Lee, a professor in the UA Center for the Study of Higher Education, received the award for Excellence in Global Education. Pineda Albarran, Consul of Mexico in Tucson, was awarded with the Award for Excellence in Global Service.
As well as being a professor at the UA, Lee also conducts research in South Africa about international students and education. She said she enjoys being able to work with different departments on campus, such as Global Initiatives, and being able to work with students while they apply her research in practice.

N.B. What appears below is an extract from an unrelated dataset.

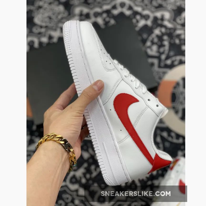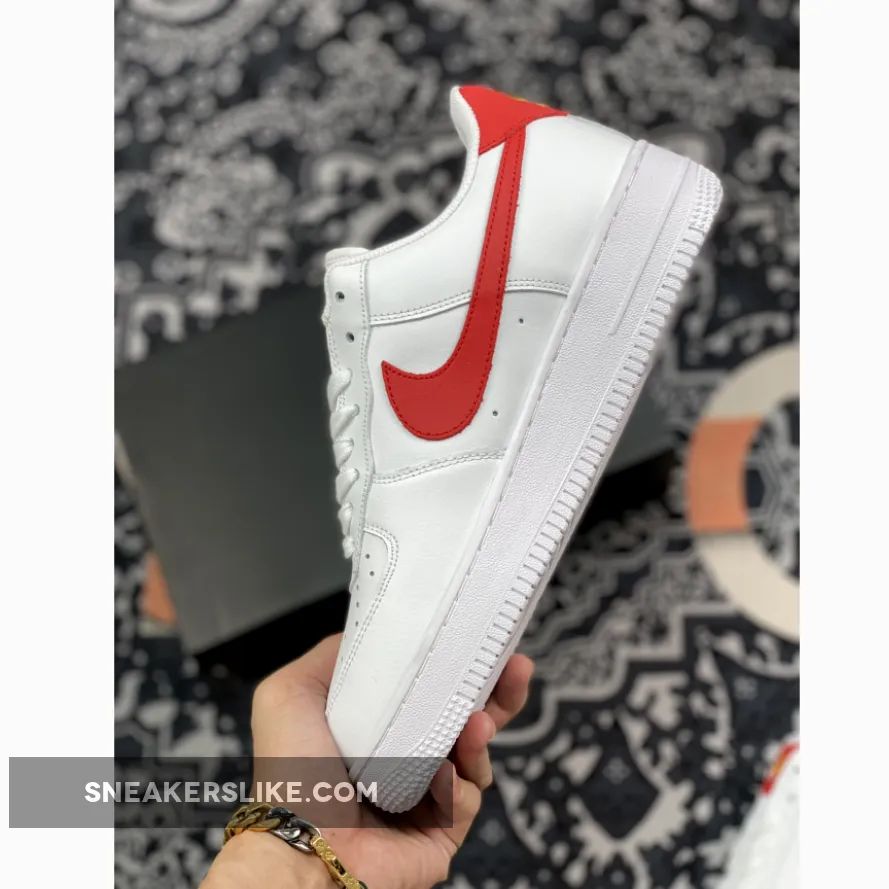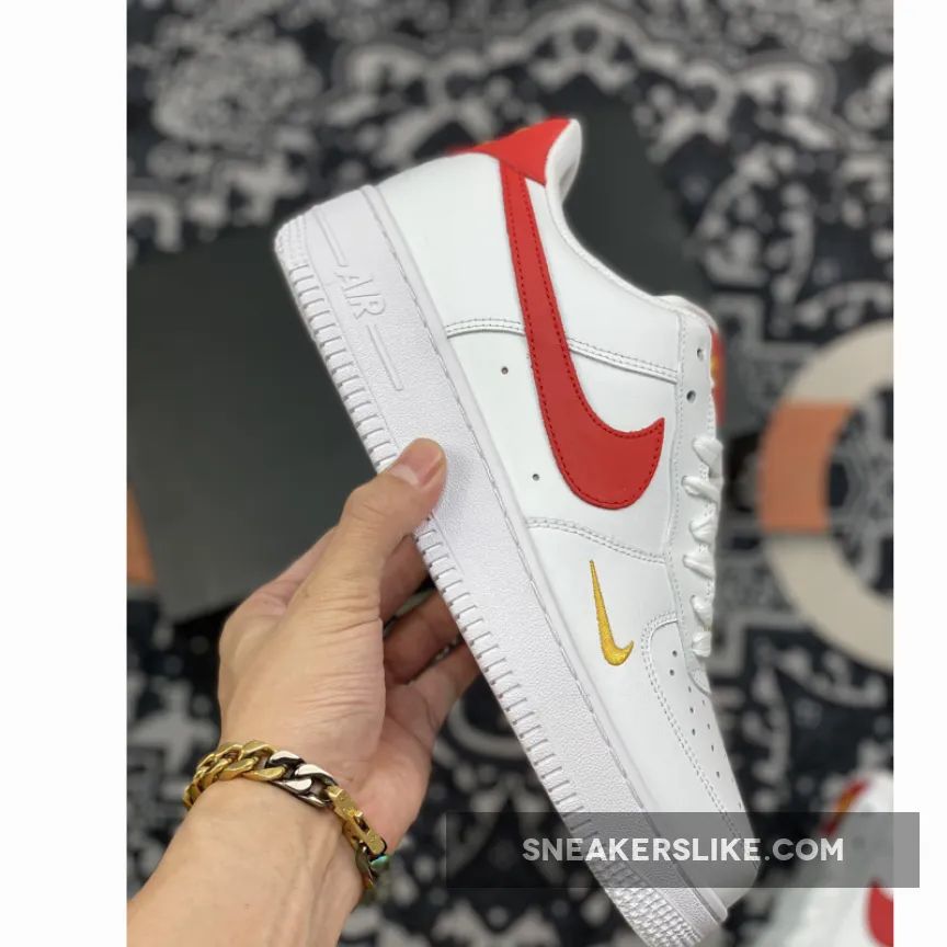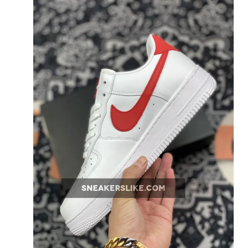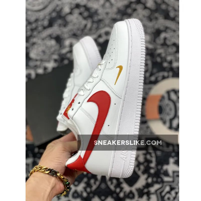 This offering for the Nike Air Force 1 features a White leather upper paired with Gym Red leather Swooshes, heels, tongue labels and insoles. Highlighting the shoe are Gold branding and lace dubraes completed with a solid White AF1 rubber sole.

“I am able to take these ideas and research and apply them to some of the issues of higher education in the country,” Lee said. “More importantly, what I hope I’m doing is bringing some of [what] I’m learning and some of the best practices and the insights … back home to the University of Arizona.”
Altherr Flores, a Ph.D. candidate in the program of Second Language Acquisition and Teaching, received the Student Award for Global excellence. She also teaches adult refugees English as a second language and literacy through a Pima Community College refugee education program, along with her studies at the UA.
“They’re great. I have students from upwards of 13 countries, and they speak a variety of different languages,” Altherr Flores said. “At one point, I had 18 different languages represented in my class at the same time, and so it’s just really diverse and they’re really wonderful.”
Altherr Flores’ interest in global education began when she was a classical archaeologist and Latin teacher. She decided then she wanted to help people.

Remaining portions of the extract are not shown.